发布于 2025-02-10 22:30:25 字数 387 浏览 1 评论 0原文

这个问题的URL是: https://www.empireonline.com/电影/功能/Best-Movies-2/ 如您所见,其中存在H3标签,但美丽的肥皂不会打印H3标签。

The URL in this question is : https://www.empireonline.com/movies/features/best-movies-2/
As you can see the h3 tags are present in it but the beautiful soap don't print the h3 tag.
enter image description here

如果你对这篇内容有疑问,欢迎到本站社区发帖提问 参与讨论,获取更多帮助,或者扫码二维码加入 Web 技术交流群。

扫码二维码加入Web技术交流群

发布评论

需要 登录 才能够评论, 你可以免费 注册 一个本站的账号。

评论(2

葬花如无物 2025-02-17 22:30:25

所有信息都位于HTML内部,该信息在< script>包含JSON数据的标签中返回。

然后通常通过JavaScript将其转换为HTML,但是您仍然可以使用BeautifulSoup来找到标签,然后可以将其提取,然后使用Python的JSON库将所有数据转换为Python结构。

例如:

import requests
from bs4 import BeautifulSoup
import json

req = requests.get("https://www.empireonline.com/movies/features/best-movies-2/")
soup = BeautifulSoup(req.content, "html.parser")
script = soup.find("script", type="application/json")
data = json.loads(script.string)

for film in data["props"]["pageProps"]["data"]["getArticleByFurl"]["_layout"][7]["content"]["images"]:
    print(film["titleText"])
    print(film["description"])
    print("-------------")

困难的部分是在数据结构中找到所需的信息。我建议您打印数据,并仔细查看。

这将使您开始输出:

100) Reservoir Dogs
**1992**<br>[Quentin Tarantino](https://www.empireonline.com/people/quentin-tarantino/)'s terrific twist on the heist-gone-wrong thriller ricochets the zing and fizz of its dialogue around a gloriously intense single setting (for the most part) and centres the majority of its action around one long and incredibly bloody death scene. Oh, and by the way: Nice Guy Eddie was shot by Mr. White. Who fired twice.
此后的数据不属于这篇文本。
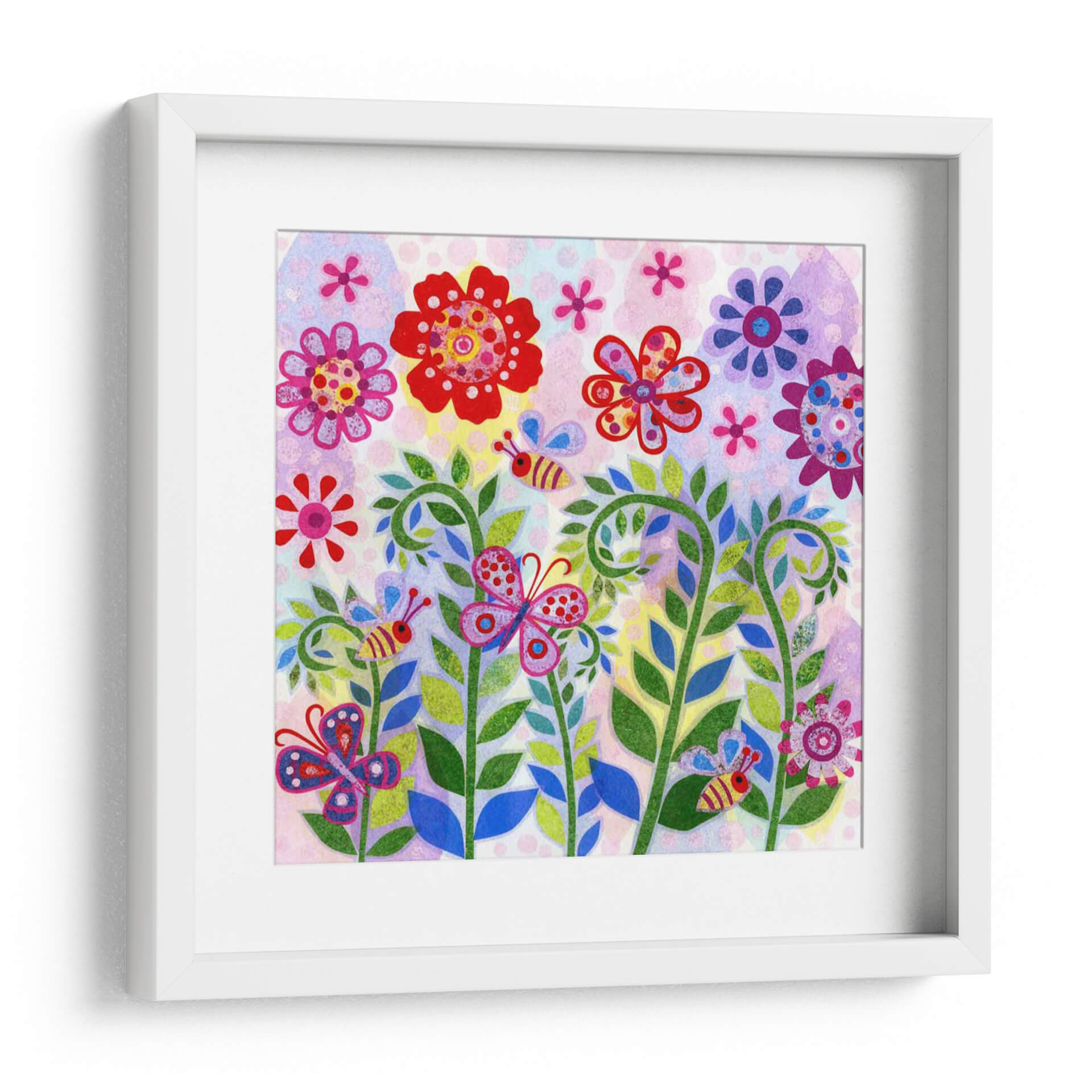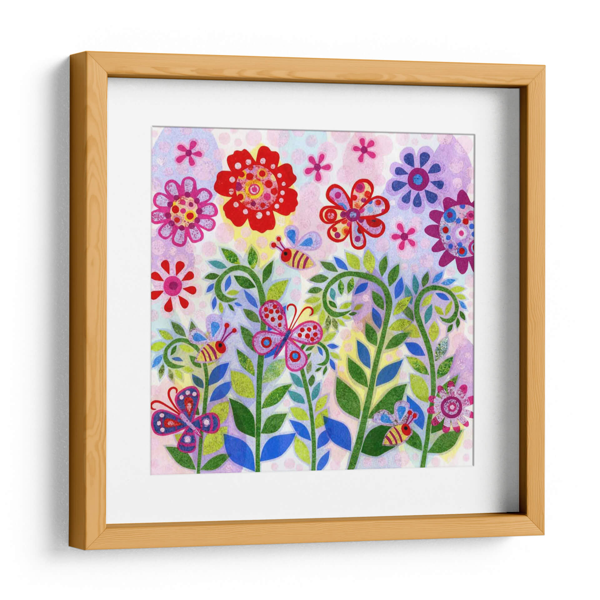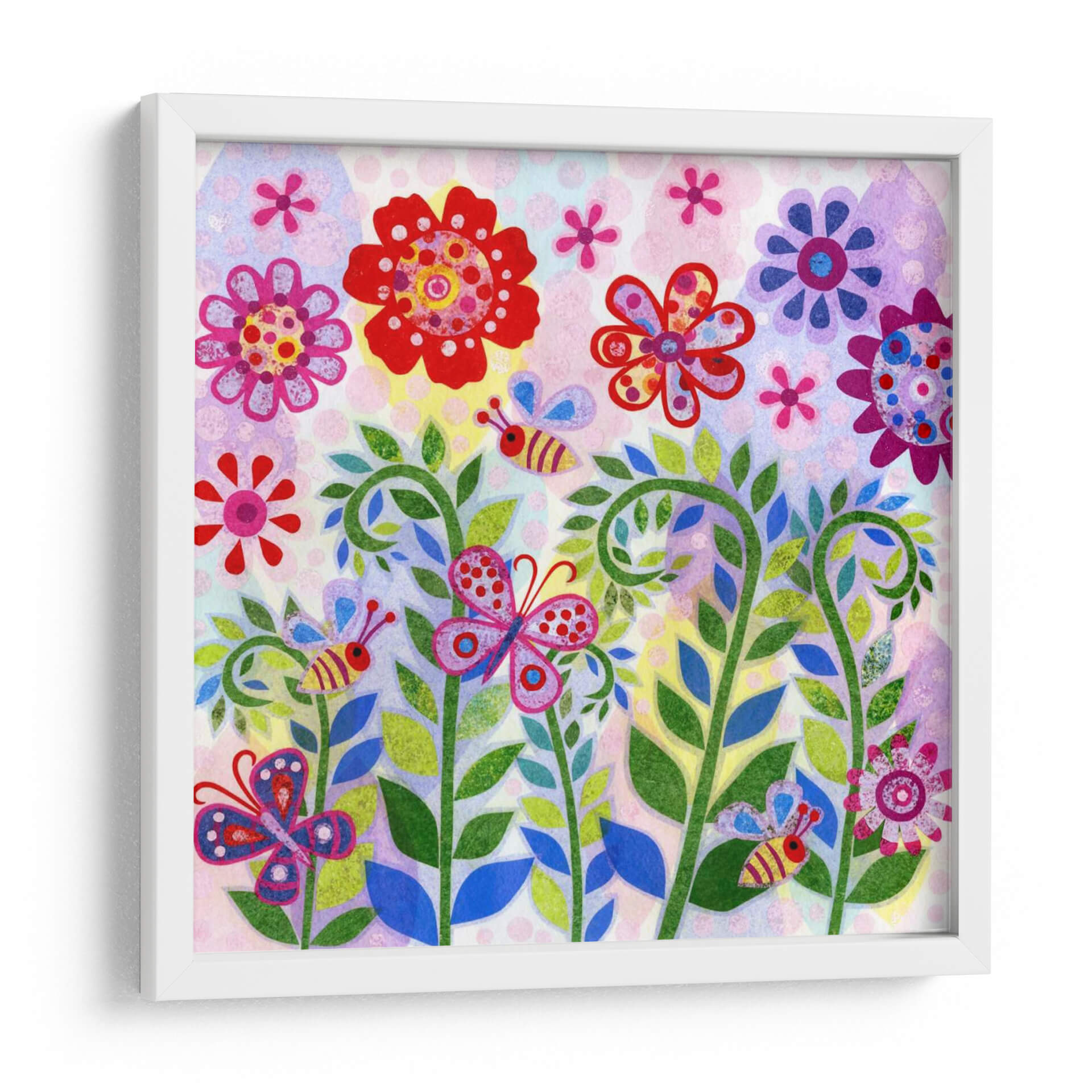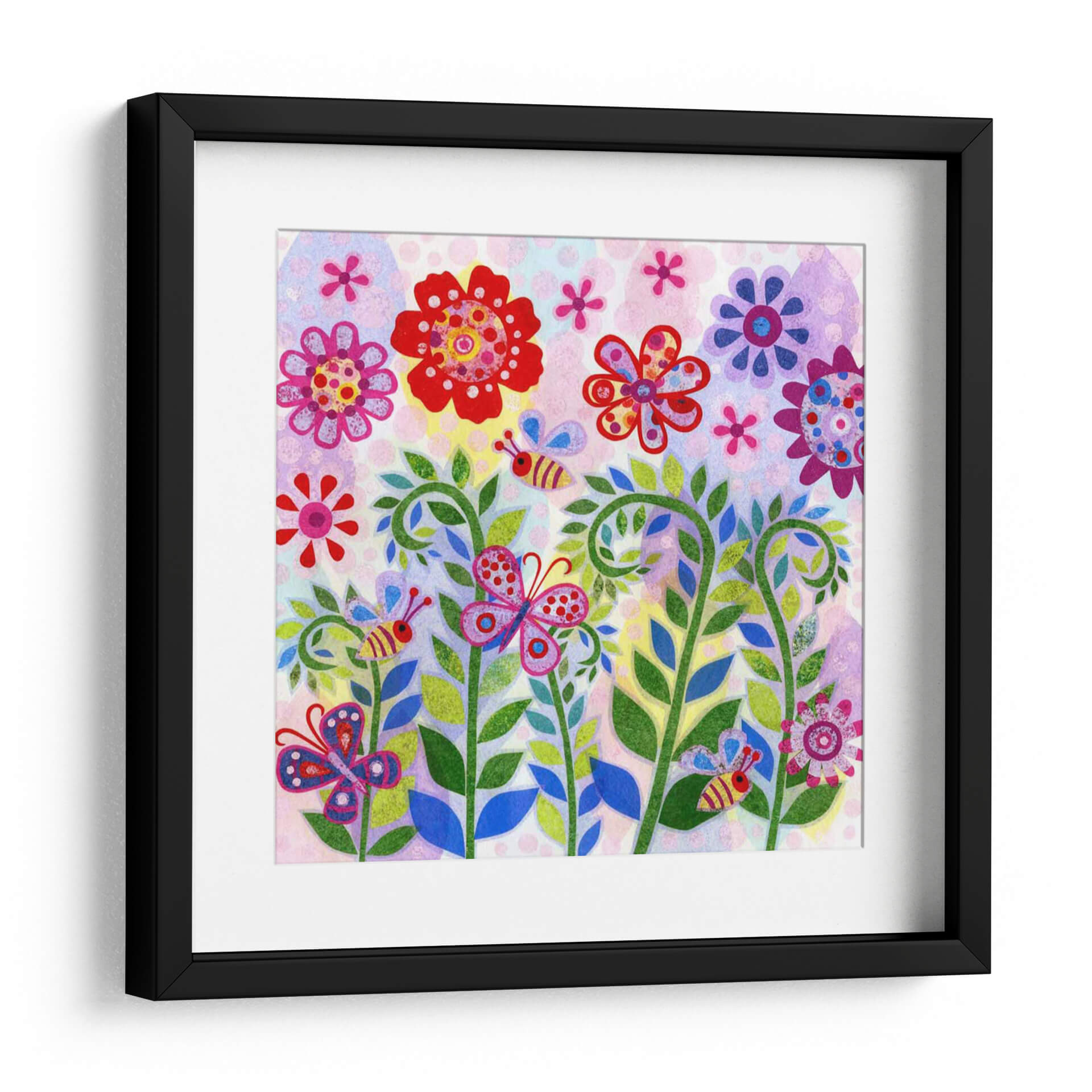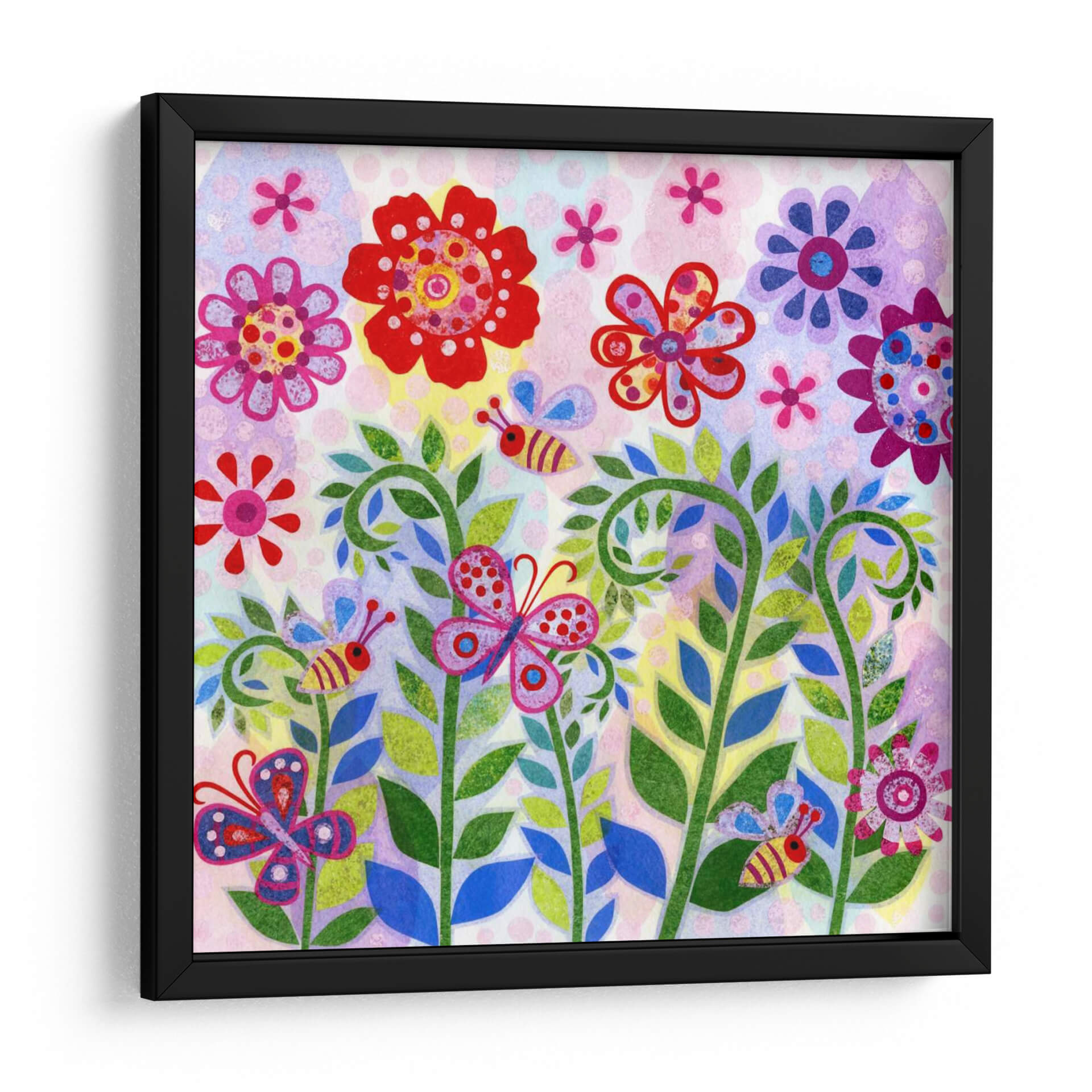Emb uevo en un viaje visual con 'Zumbido Alrededor', una obra de arte vibrante y juguetona del artista Kim Conway. Esta pieza cautiva con su explosión de colores alegres, dominada por rosas, rojos, azules y amarillos intensos, que crean una atmósfera de pura vitalidad y optimismo. Las delicadas representaciones de mariposas revoloteando entre flores estilizadas y abejas laboriosas evocan la belleza y la serenidad de un jardín en plena efervescencia. La composición, llena de curvas orgánicas y formas circulares repetidas, aporta un ritmo visual dinámico y armonioso que invita a la contemplación. Ideal para infundir alegría y color en cualquier espacio, desde una habitación infantil hasta una sala de estar moderna o una oficina que necesite un toque de energía creativa. Este cuadro decorativo abstracto es una celebración de la naturaleza y la vida, perfecto para quienes buscan añadir un elemento de fantasía y encanto a su decoración. Transforma tu hogar en un oasis de felicidad con esta pieza única que resuena con la energía positiva y la belleza del mundo natural.

Case closed.<br>[Read Empire's review of Reservoir Dogs](https://www.empireonline.com/movies/reviews/empire-essay-reservoir-dogs-review/)<br>
-------------
99) Groundhog Day
**1993**<br>[Bill Murray](https://www.empireonline.com/people/bill-murray/) at the height of his loveable (eventually) schmuck powers. [Andie McDowell](https://www.empireonline.com/people/andie-macdowell/) bringing the brains and the heart. And [Harold Ramis](https://www.empireonline.com/people/harold-ramis/) (directing and co-writing with Danny Rubin) managing to find gold in the story of a man trapped in a time loop. It might not have been the first to tap this particular trope, but it's head and shoulders above the rest. Murray's snarktastic delivery makes the early going easy to laugh at, but as the movie finds deeper things to say about existence and morals, it never feels like a polemic.<br>[Read Empire's review of Groundhog Day](https://www.empireonline.com/movies/reviews/groundhog-day-review/)<br>
-------------
98) Paddington 2
**2017**<br>When the first *Paddington* was on the way, early trailers didn't look entirely promising. Yet co-writer/director [Paul King](https://www.empireonline.com/people/paul-king/) delivered a truly wonderful film bursting with joy, imagination, kindness and just one or two hard stares. How was he going to follow that? Turns out, with more of the same, but also plenty of fresh pleasures. Paddington (bouncily voiced by [Ben Whishaw](https://www.empireonline.com/people/ben-whishaw/)) matches wits with washed-up actor Phoenix Buchanan ([Hugh Grant](https://www.empireonline.com/people/hugh-grant/), chewing scenery like fine steak), being framed for theft and getting sent to prison. Like all great sequels, it works superbly as a double bill with the original.<br>[Read Empire's review of Paddington 2](https://www.empireonline.com/movies/reviews/paddington-2-review/)<br>
-------------

All of the information is inside the HTML that is returned inside a <script> tag containing JSON data.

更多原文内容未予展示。